If a line below falls between the line with "Сорок два государства, в" and the line with "Τα σκουλαρίκια Perlé", or is one of those two, output it exactly; output nothing else and no pictures.
(Entries supplied begins)
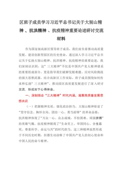 【七哥公文】2025年:区班子成员学习习近平总书记关于大别山精神、抗洪精神、抗疫精神重要论述研讨交流发言材料_20250917_192235+更多免费公文+VX:QiGeGongWen2024
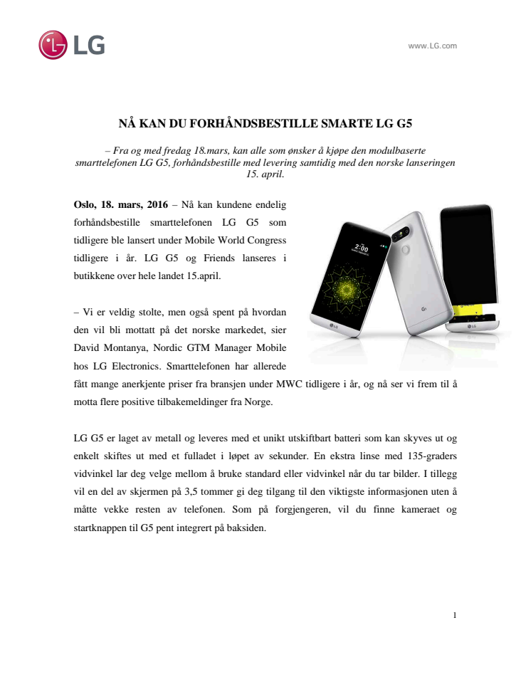 NÅ KAN DU FORHÅNDSBESTILLE SMARTE LG G5
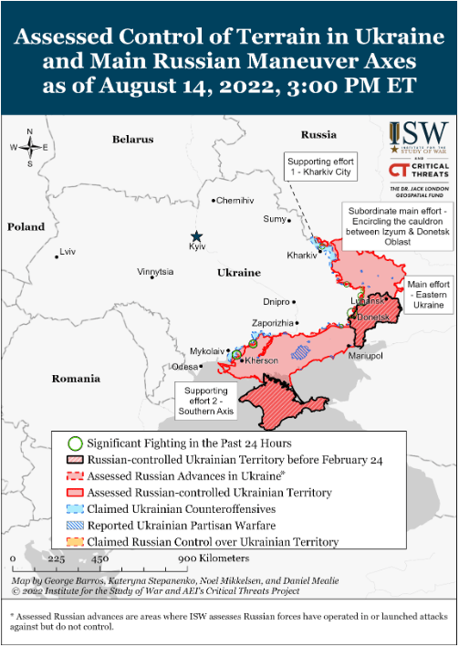 Сорок два государства, в том числе все члены Европейского Союза, опубликовали совместное заявление, в котором призвали Россию немедленно уйти с Запорожской атомной электростанции (АЭС) в оккупированном Энергодаре, Запорожская область, около 05:00-06:00 по восточному времени 14 августа, всего от двух до четырех часов, прежде чем были нанесены новые удары по городу. Источники в правительстве Украины сообщили, что российские силы произвели шесть выстрелов по Энергодару в 15:00-15:30 по украинскому времени (08:00-08:30 по восточному времени) 14 августа, в результате чего погиб сотрудник АЭС. Российские источники обвинили украинские силы в нанесении ударов по АЭС с помощью дронов-камикадзе иностранного производства, ракет GMLRS и артиллерийских систем НАТО. 13 августа ISW сообщила, что на кадрах с геолокацией видно, что российская 203-мм артиллерийская система «Пион» действует примерно в 11 км от Запорожской АЭС.
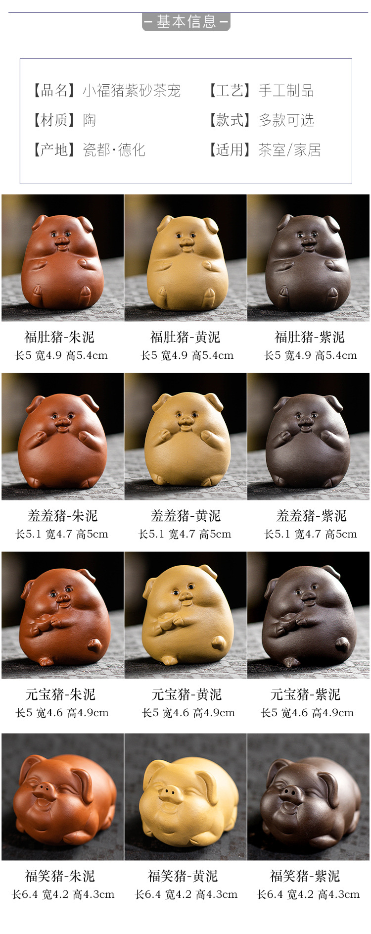 Фу живот свиньи-фиолетовая грязь; Фу живот свинья-киновари; Фу живот свиньи-желтая грязь; Маленькая Фу Свинья-Фиолетовая Грязь; Маленькая Фу Свинья-Шукни; Маленькая Фу Свинья-Желтая Грязь; Свинья слитка-фиолетовая грязь; Свинья слитка-Шинни; Свинья слитка-желтая грязь; Фу Свинья-Фиолетовая грязь; Фу Сяо Свинья-Шучу; Фу Свинья-желтая грязь
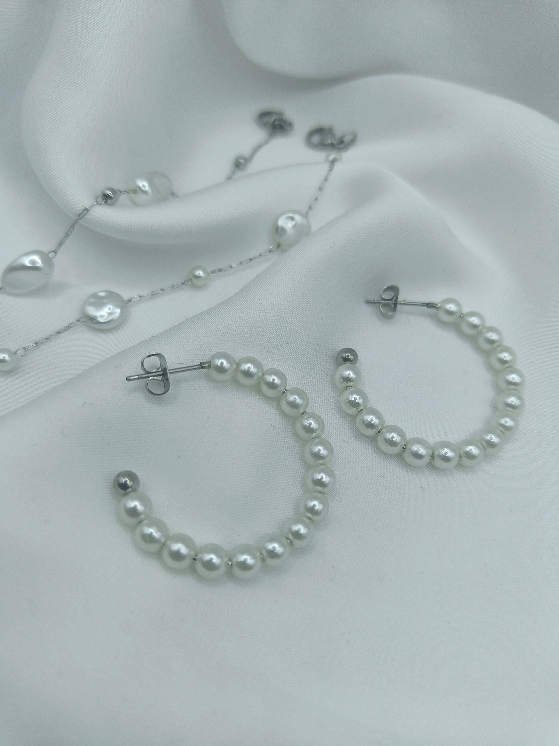 Τα σκουλαρίκια Perlé ενώνουν τη διαχρονική φινέτσα των λευκών περλών με τον μοντέρνο σχεδιασμό του κρίκου. Κατασκευασμένα από ανοξείδωτο ατσάλι, συνδυάζουν ανθεκτικότητα και στυλ, προσφέροντας μια λαμπερή αλλά διακριτική πινελιά σε κάθε εμφάνιση.
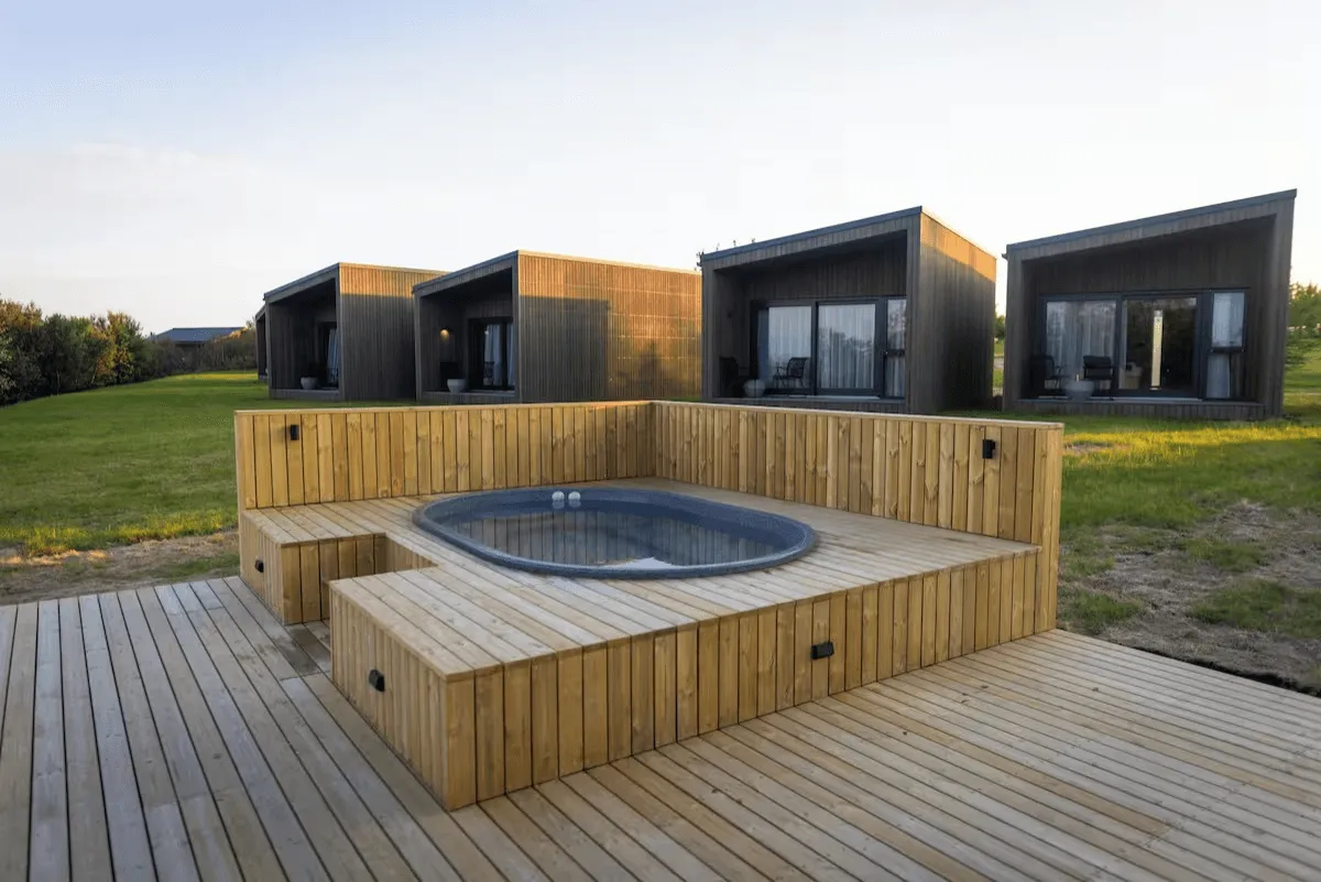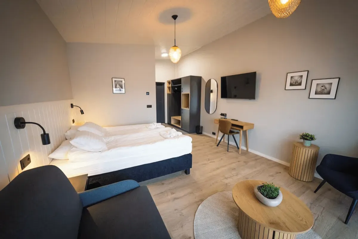 Spacious 35 m² standalone bungalow at Hotel Hamar featuring minimalist modern design with heated floors and a private patio. Includes 1 extra-large double bed and 1 sofa bed, accommodating up to 2 guests. Enjoy stunning mountain and garden views from your private balcony and terrace. The bungalow is fully equipped with sauna access, hot tub, coffee machine, flat-screen TV, soundproofing, free WiFi, and a luxurious ensuite bathroom with bath or shower. Additional amenities include refrigerator, electric kettle, hairdryer, and outdoor furniture.
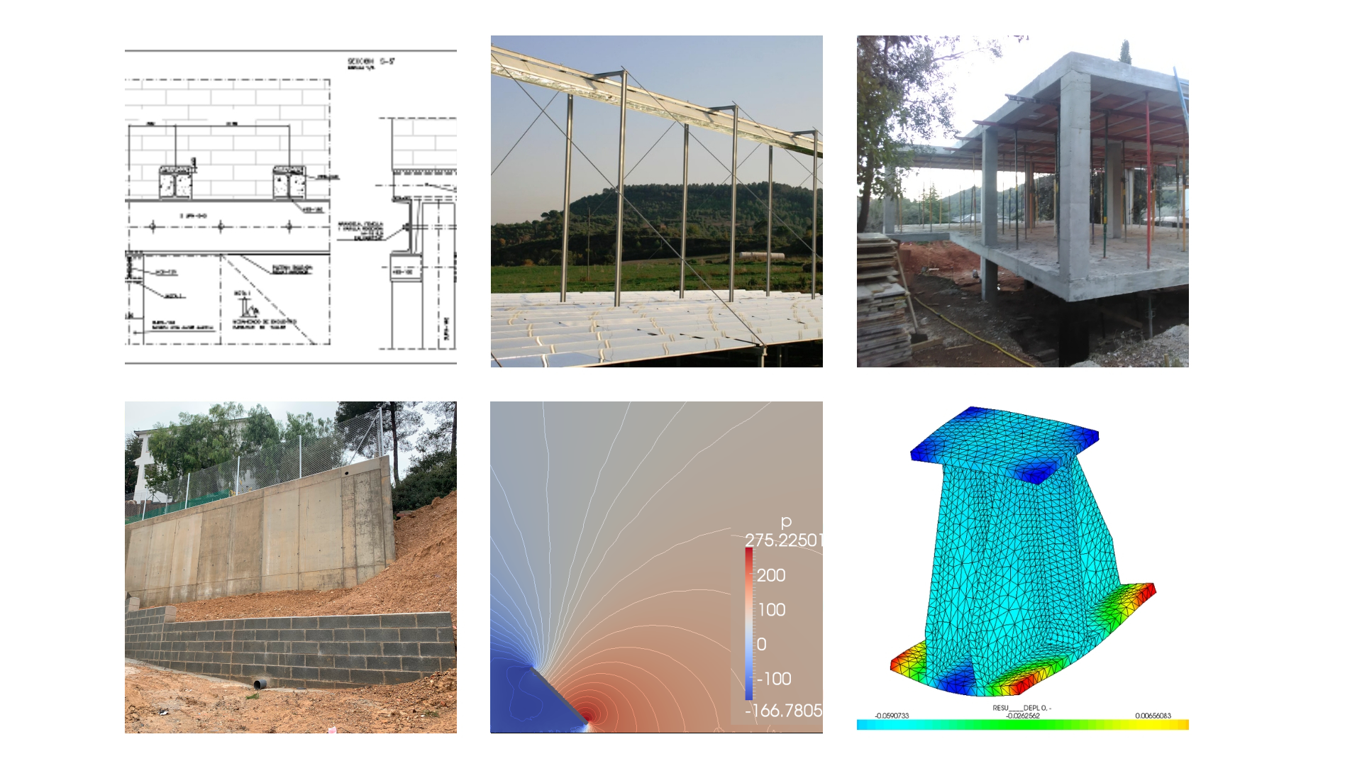 També hem desenvolupat estructures per a projectes d’enginyeria i per a les energies renovables, amb èmfasi en les càrregues de vent. Alguns exemples ha estat instal·lacions fotovoltaiques en cobertes d’edificis, reforços estructurals per noves instal·lacions.
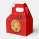 Komposition mit goldenem traditionellem chinesischen Papierschnitt eines Kaninchens in einen dekorierten Kreis + kleine moderne Schrift für das Jahr des Kaninchens 2023 und Chinesisches Kaninchen Ideogramm Symbol auf einen kleinen schwarzen Kreis. Design auf Gable Gevor Box + Business Name und Adresse, um mit rotem Hintergrund anpassen. Erhältlich in Würfel, Zelt und Gate-out-Gutschachteln. Matching Grußkarte, Ferien Postkarte, Einladung, Party Vorräte und mehr. Ideal für Chinesisches Neujahr des Kaninchens 2023 oder Geburtstag (Menschen geboren im Kaninchenjahr).
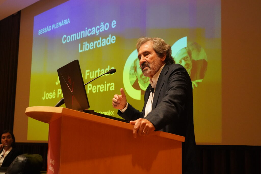 A sessão plenária “Comunicação e Liberdade” do XIII Congresso da SOPCOM contou com a presença de Joaquim Furtado, voz do primeiro comunicado do Movimento das Forças Armadas no dia 25 de abril de 1974, e José Pacheco Pereira, historiador e cronista.
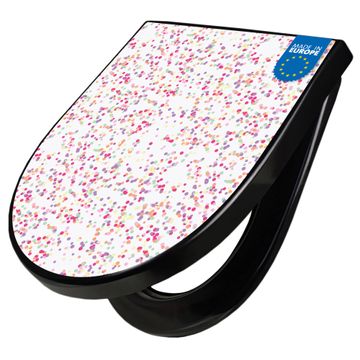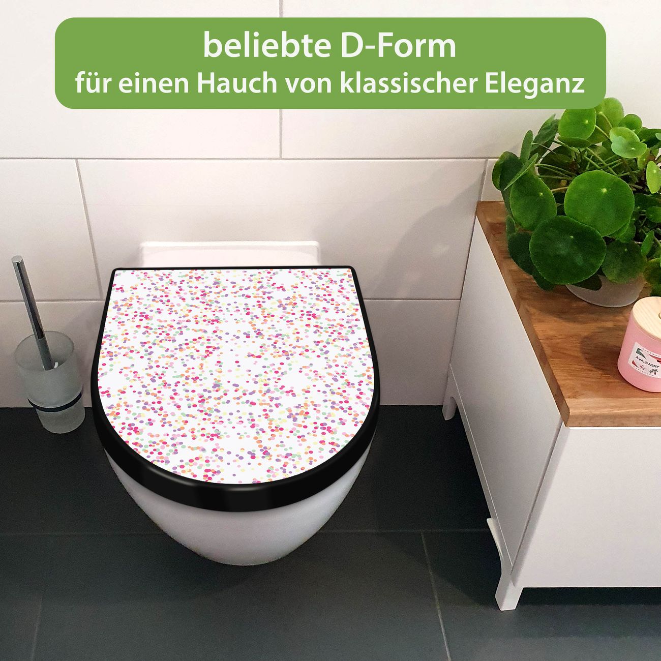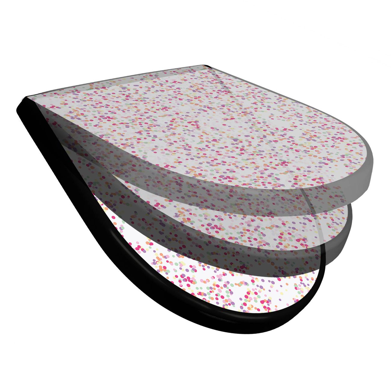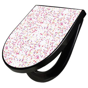 WC Sitz D-Form Schwarz mit Absenkautomatik Motiv Konfettiregen
(Entries supplied ends)
> [Answer below]:
 Сорок два государства, в том числе все члены Европейского Союза, опубликовали совместное заявление, в котором призвали Россию немедленно уйти с Запорожской атомной электростанции (АЭС) в оккупированном Энергодаре, Запорожская область, около 05:00-06:00 по восточному времени 14 августа, всего от двух до четырех часов, прежде чем были нанесены новые удары по городу. Источники в правительстве Украины сообщили, что российские силы произвели шесть выстрелов по Энергодару в 15:00-15:30 по украинскому времени (08:00-08:30 по восточному времени) 14 августа, в результате чего погиб сотрудник АЭС. Российские источники обвинили украинские силы в нанесении ударов по АЭС с помощью дронов-камикадзе иностранного производства, ракет GMLRS и артиллерийских систем НАТО. 13 августа ISW сообщила, что на кадрах с геолокацией видно, что российская 203-мм артиллерийская система «Пион» действует примерно в 11 км от Запорожской АЭС.
 Фу живот свиньи-фиолетовая грязь; Фу живот свинья-киновари; Фу живот свиньи-желтая грязь; Маленькая Фу Свинья-Фиолетовая Грязь; Маленькая Фу Свинья-Шукни; Маленькая Фу Свинья-Желтая Грязь; Свинья слитка-фиолетовая грязь; Свинья слитка-Шинни; Свинья слитка-желтая грязь; Фу Свинья-Фиолетовая грязь; Фу Сяо Свинья-Шучу; Фу Свинья-желтая грязь
 Τα σκουλαρίκια Perlé ενώνουν τη διαχρονική φινέτσα των λευκών περλών με τον μοντέρνο σχεδιασμό του κρίκου. Κατασκευασμένα από ανοξείδωτο ατσάλι, συνδυάζουν ανθεκτικότητα και στυλ, προσφέροντας μια λαμπερή αλλά διακριτική πινελιά σε κάθε εμφάνιση.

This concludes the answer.